[YOUR GOAL] Omit all pictures and transcribe only the lines in the entries below that run from the line with "esempio – spiega" through the line with "Kompiuterių parduotuvėje pardavėjas".

(Dataset items)
- - -

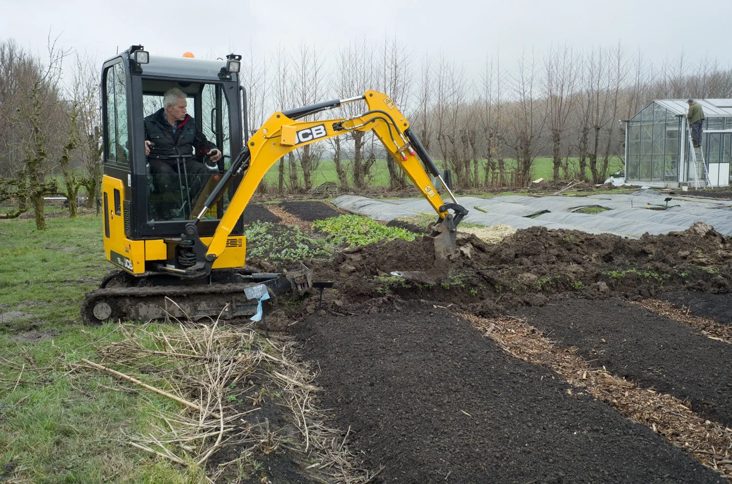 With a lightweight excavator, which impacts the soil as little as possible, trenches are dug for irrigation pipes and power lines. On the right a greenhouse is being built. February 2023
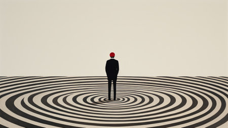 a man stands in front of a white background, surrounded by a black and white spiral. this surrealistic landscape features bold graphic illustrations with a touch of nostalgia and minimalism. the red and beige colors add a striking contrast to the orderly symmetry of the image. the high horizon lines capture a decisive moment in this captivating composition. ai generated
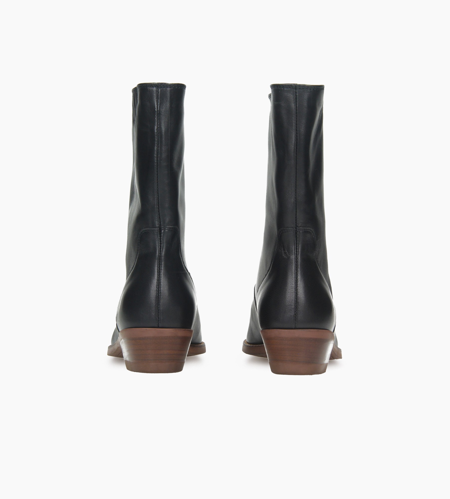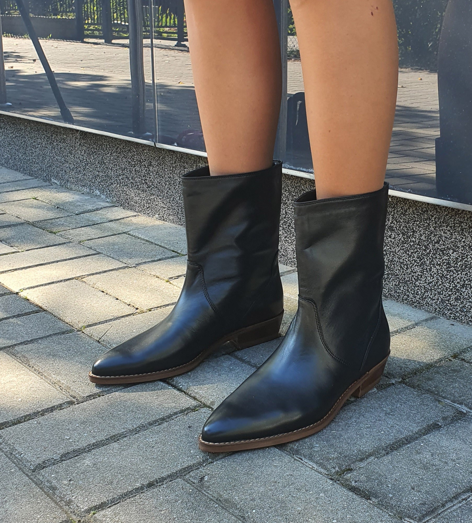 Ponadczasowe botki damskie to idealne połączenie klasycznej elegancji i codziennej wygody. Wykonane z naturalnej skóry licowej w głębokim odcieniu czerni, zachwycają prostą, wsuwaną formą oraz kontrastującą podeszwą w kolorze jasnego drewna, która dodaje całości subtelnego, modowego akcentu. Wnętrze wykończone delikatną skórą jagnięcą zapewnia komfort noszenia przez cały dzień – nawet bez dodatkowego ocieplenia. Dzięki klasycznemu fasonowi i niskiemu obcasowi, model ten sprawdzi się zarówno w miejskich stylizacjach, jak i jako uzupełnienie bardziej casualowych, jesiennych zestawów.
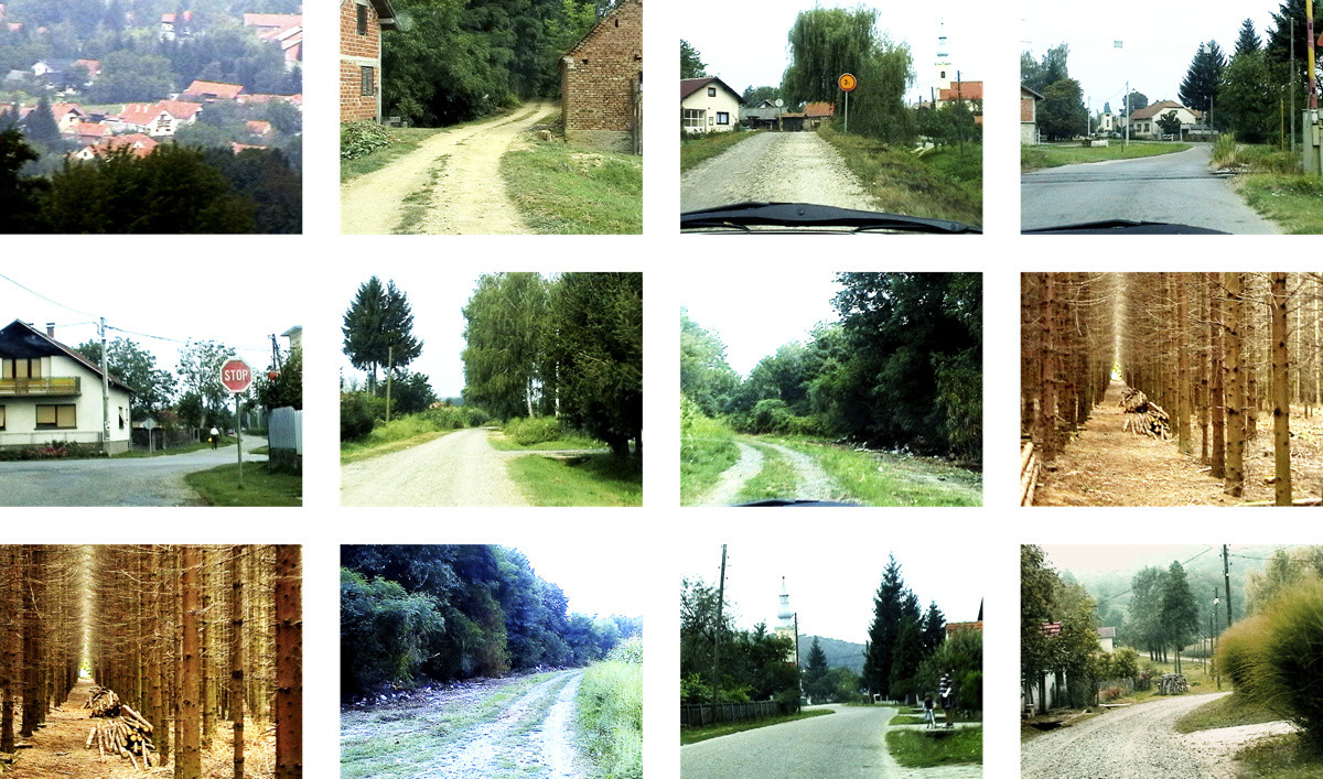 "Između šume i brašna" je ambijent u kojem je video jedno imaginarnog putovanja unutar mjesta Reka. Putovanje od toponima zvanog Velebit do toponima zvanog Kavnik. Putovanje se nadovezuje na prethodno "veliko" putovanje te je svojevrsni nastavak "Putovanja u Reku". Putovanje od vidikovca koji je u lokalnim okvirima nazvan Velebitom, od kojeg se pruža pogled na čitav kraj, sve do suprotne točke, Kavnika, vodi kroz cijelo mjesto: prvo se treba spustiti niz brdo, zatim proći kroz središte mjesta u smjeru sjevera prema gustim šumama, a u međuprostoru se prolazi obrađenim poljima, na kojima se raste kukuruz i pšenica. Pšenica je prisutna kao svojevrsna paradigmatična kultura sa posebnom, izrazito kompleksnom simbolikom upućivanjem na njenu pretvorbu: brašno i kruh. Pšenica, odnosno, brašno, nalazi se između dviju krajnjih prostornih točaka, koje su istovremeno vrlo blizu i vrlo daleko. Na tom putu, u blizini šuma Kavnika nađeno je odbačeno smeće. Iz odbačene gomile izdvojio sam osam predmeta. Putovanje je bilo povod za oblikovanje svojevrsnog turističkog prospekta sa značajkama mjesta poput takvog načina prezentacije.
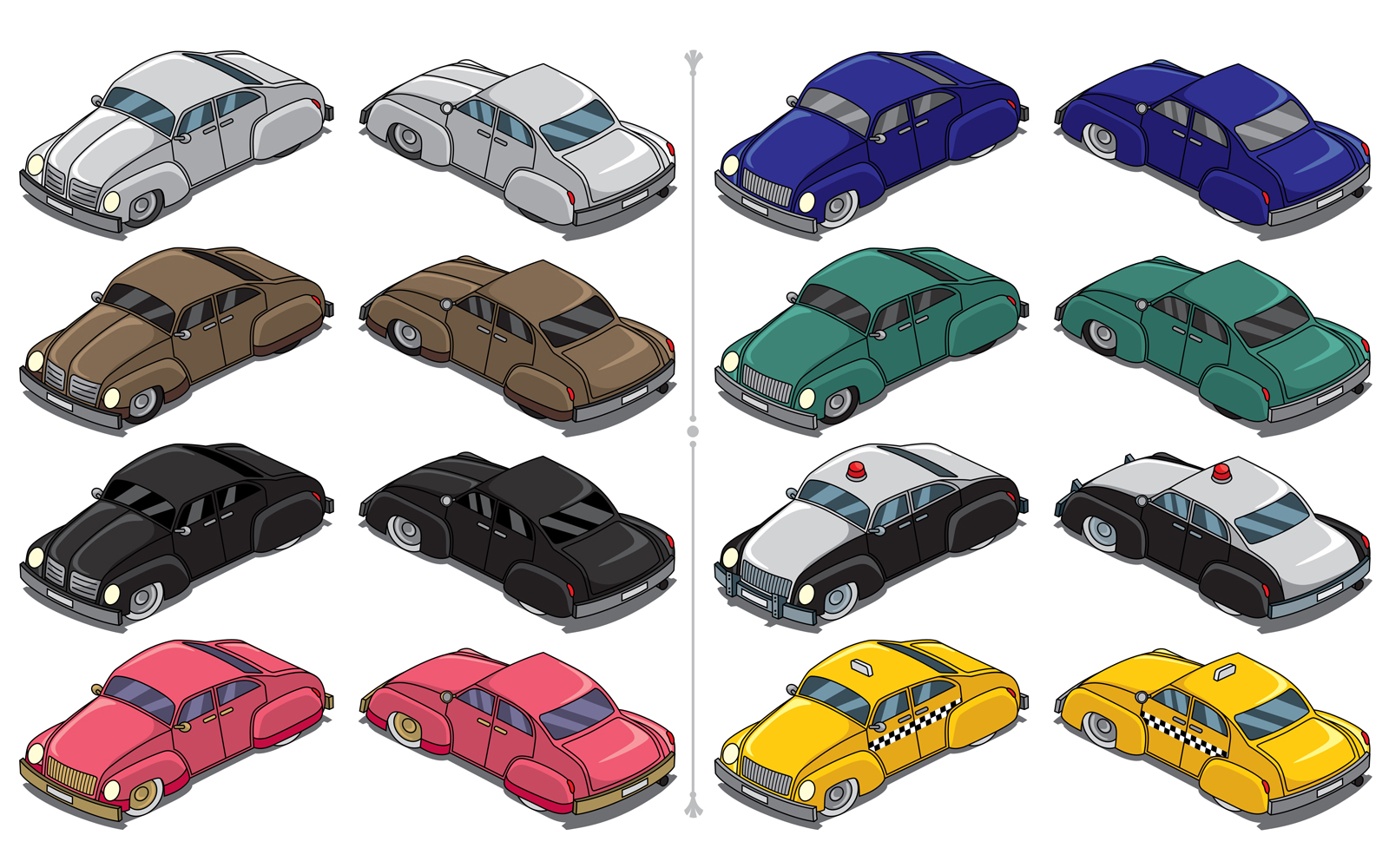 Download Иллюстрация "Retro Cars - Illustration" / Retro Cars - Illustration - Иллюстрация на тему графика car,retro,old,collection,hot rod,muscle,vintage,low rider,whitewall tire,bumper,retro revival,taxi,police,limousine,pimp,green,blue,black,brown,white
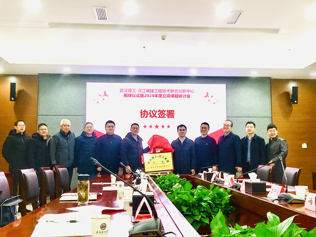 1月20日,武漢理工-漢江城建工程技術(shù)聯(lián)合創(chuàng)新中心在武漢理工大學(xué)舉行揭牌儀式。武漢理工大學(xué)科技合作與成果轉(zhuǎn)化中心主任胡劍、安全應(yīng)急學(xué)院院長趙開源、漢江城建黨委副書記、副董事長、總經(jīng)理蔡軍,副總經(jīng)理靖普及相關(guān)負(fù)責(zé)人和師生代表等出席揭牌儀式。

- - -

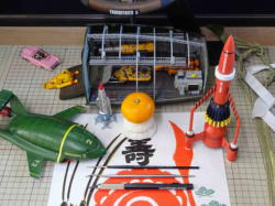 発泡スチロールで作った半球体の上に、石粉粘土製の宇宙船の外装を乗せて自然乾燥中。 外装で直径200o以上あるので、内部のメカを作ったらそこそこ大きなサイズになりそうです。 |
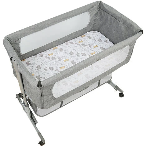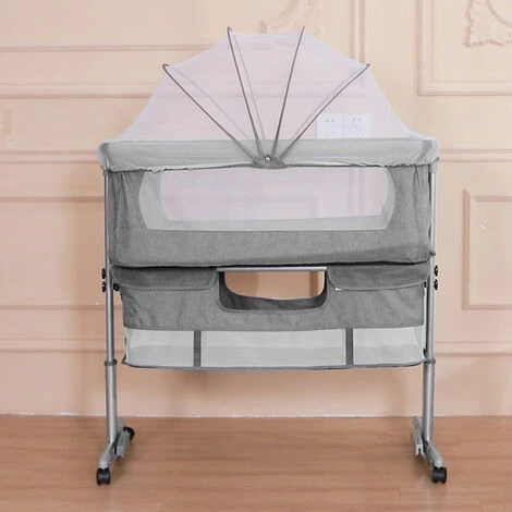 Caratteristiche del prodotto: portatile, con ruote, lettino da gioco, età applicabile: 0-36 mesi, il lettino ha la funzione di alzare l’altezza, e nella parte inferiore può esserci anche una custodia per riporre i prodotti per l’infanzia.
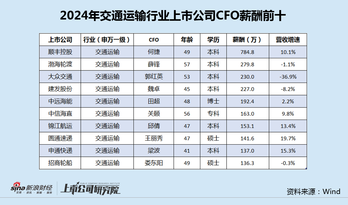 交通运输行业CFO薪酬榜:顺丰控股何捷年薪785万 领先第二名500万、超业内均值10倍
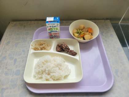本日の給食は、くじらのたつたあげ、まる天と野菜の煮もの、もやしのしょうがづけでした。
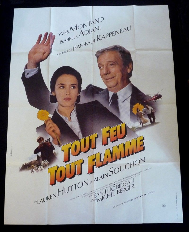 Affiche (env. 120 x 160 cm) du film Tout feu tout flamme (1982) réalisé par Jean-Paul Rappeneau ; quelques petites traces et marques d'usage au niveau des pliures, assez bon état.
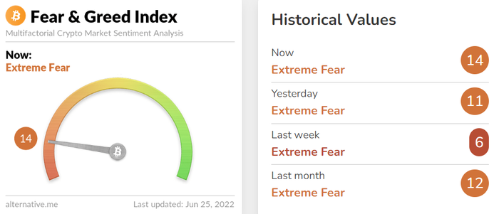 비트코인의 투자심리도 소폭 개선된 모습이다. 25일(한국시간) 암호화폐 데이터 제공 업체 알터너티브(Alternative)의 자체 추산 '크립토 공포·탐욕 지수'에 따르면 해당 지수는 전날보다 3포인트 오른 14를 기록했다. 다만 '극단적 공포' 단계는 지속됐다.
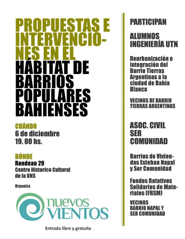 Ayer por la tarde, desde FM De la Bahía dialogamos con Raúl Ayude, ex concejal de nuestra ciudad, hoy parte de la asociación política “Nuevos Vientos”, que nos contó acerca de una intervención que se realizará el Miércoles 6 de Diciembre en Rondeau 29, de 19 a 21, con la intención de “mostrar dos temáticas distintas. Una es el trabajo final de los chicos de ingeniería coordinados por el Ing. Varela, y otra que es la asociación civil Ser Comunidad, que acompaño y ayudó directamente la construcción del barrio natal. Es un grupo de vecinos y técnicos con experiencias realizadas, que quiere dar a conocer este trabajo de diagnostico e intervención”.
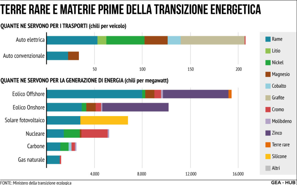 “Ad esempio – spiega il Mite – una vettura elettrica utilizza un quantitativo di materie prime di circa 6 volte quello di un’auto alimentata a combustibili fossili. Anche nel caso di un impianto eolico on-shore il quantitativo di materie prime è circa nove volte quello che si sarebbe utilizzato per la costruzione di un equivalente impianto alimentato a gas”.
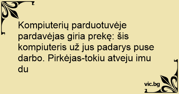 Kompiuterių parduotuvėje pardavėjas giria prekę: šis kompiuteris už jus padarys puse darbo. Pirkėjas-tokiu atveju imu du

- - -

[OUTPUT BELOW]
 “Ad esempio – spiega il Mite – una vettura elettrica utilizza un quantitativo di materie prime di circa 6 volte quello di un’auto alimentata a combustibili fossili. Anche nel caso di un impianto eolico on-shore il quantitativo di materie prime è circa nove volte quello che si sarebbe utilizzato per la costruzione di un equivalente impianto alimentato a gas”.
 Kompiuterių parduotuvėje pardavėjas giria prekę: šis kompiuteris už jus padarys puse darbo. Pirkėjas-tokiu atveju imu du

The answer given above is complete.